Jailbreaking techniques pose a significant threat to the safety of Large Language Models (LLMs). Existing defenses typically focus on single-turn attacks, lack coverage across languages, and rely on limited taxonomies that either fail to capture the full diversity of attack strategies or emphasize risk categories rather than jailbreaking techniques. To advance the understanding of the effectiveness of jailbreaking techniques, we conducted a structured red-teaming challenge. The outcomes of our experiments are fourfold. First, we developed a comprehensive hierarchical taxonomy of jailbreak strategies that systematically consolidates techniques previously studied in isolation and harmonizes existing, partially overlapping classifications with explicit cross-references to prior categorizations. The taxonomy organizes jailbreak strategies into seven mechanism-oriented families: impersonation, persuasion, privilege escalation, cognitive overload, obfuscation, goal conflict, and data poisoning. Second, we analyzed the data collected from the challenge to examine the prevalence and success rates of different attack types, providing insights into how specific jailbreak strategies exploit model vulnerabilities and induce misalignment.
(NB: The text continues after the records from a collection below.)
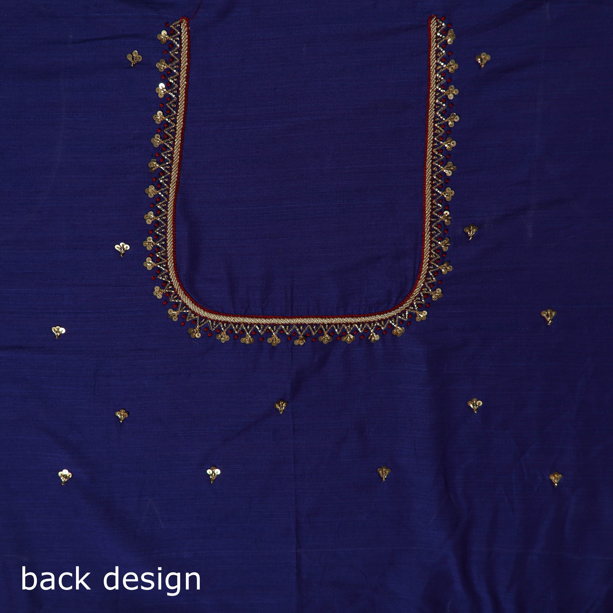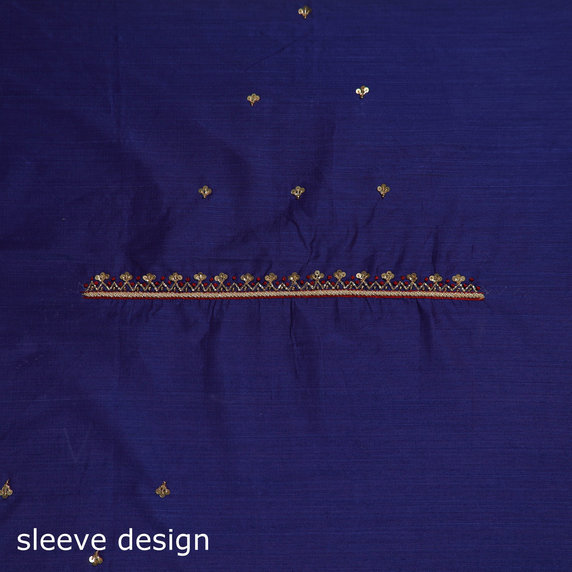 • Blue - zardozi hand embroidery slub silk plain blouse piece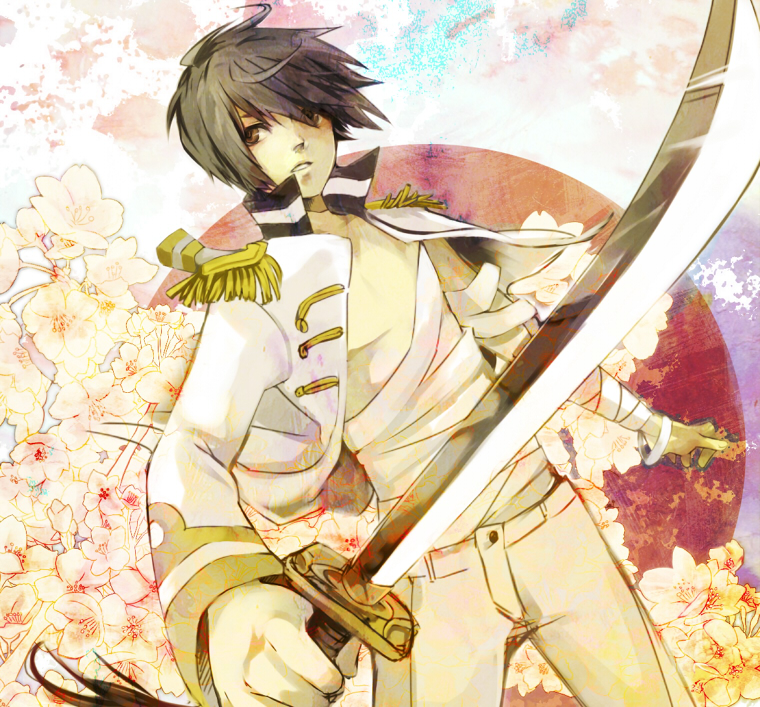 00s1boybandagesblack hairbrown eyescherry blossomsepaulettesflowerjapankatanamale focusmilitarymilitary uniformopen clothesopen shirtshirtshort hairsoloswordweapon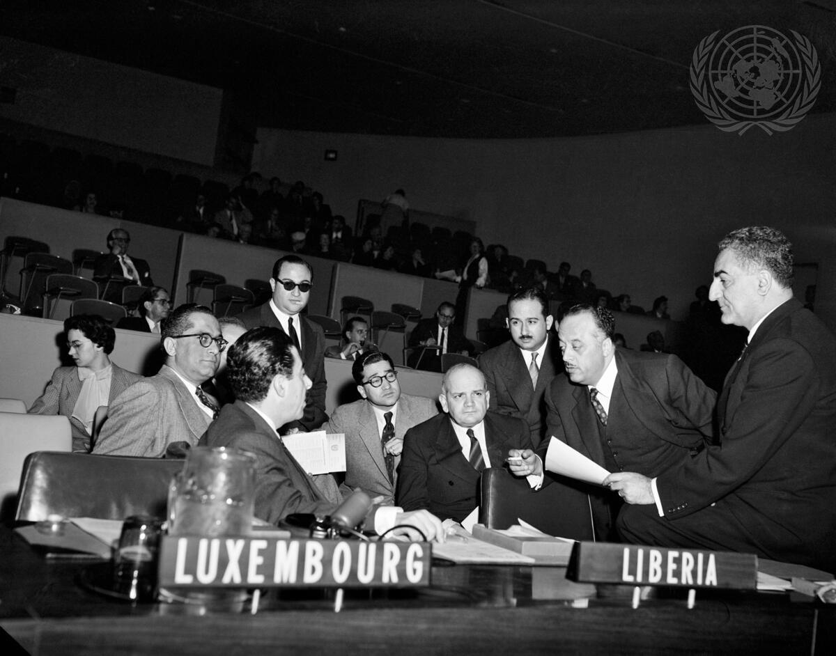 Before a meeting of the Assembly's First (Political and Security) Committee, a group of delegates from Middle Eastern countries having an informal discussion on the Cyprus question. They are (left to right): Dr. Karim Azkoul and Mr. Edward Rizk, both from Lebanon; General Mahmoud Riad, of Egypt; Mr. Ata Abdul Wahab, of Iraq; Mr. Omar Loutfi and Mr. Ismail Fahmy, both of Egypt; Mr. Ahmed Shukairi, of Syria; and Dr. Charles Malik, of Lebanon.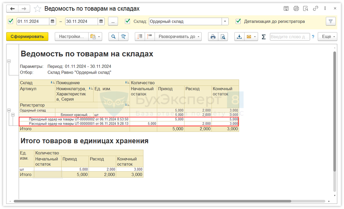 Выполнить контроль операций можно с помощью отчета Ведомость по товарам на складах.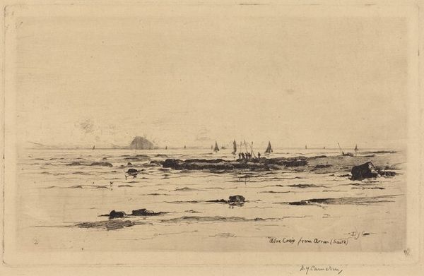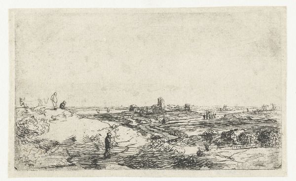 Cornelis Springer made this print, "Overstroomd landschap tussen Oss en Lith" using etching, a printmaking technique that relies on acid to create lines in a metal plate. Springer would have coated a copper plate with a waxy, acid-resistant substance, then drawn his image into the wax, exposing the metal. Immersing the plate in acid would bite away the exposed lines, which are then inked and printed. The fine, precise lines of etching are perfect for capturing the flooded landscape, full of detail. You can see the social impact of such a devastating natural event, the workers trying to go about their daily life, the cattle wading in water, and the figures in boats attempting to navigate the scene. By understanding the labor-intensive etching process, we appreciate Springer's skill in translating the scene onto the plate, capturing a moment of hardship and resilience. This print blurs the lines between fine art and craft, emphasizing the skill involved in both the making and the viewing.

Third, we benchmarked GPT-5 as a judge for jailbreak detection, evaluating the benefits of taxonomy-guided prompting for improving automatic detection. Finally, we compiled a new Italian dataset of 1364 multi-turn adversarial dialogues, annotated with our taxonomy, enabling the study of interactions where adversarial intent emerges gradually and succeeds in bypassing traditional safeguards.
Key Contributions
- A comprehensive hierarchical, mechanism-oriented taxonomy of jailbreak strategies organized into 7 families, consolidating and harmonizing prior fragmented classifications.
- A new Italian dataset of 1,364 multi-turn adversarial dialogues annotated with the proposed taxonomy, addressing a gap in multilingual and multi-turn jailbreak resources.
- Empirical benchmarking of GPT-5 as a taxonomy-guided jailbreak judge, evaluating how structured prompting improves automatic detection accuracy.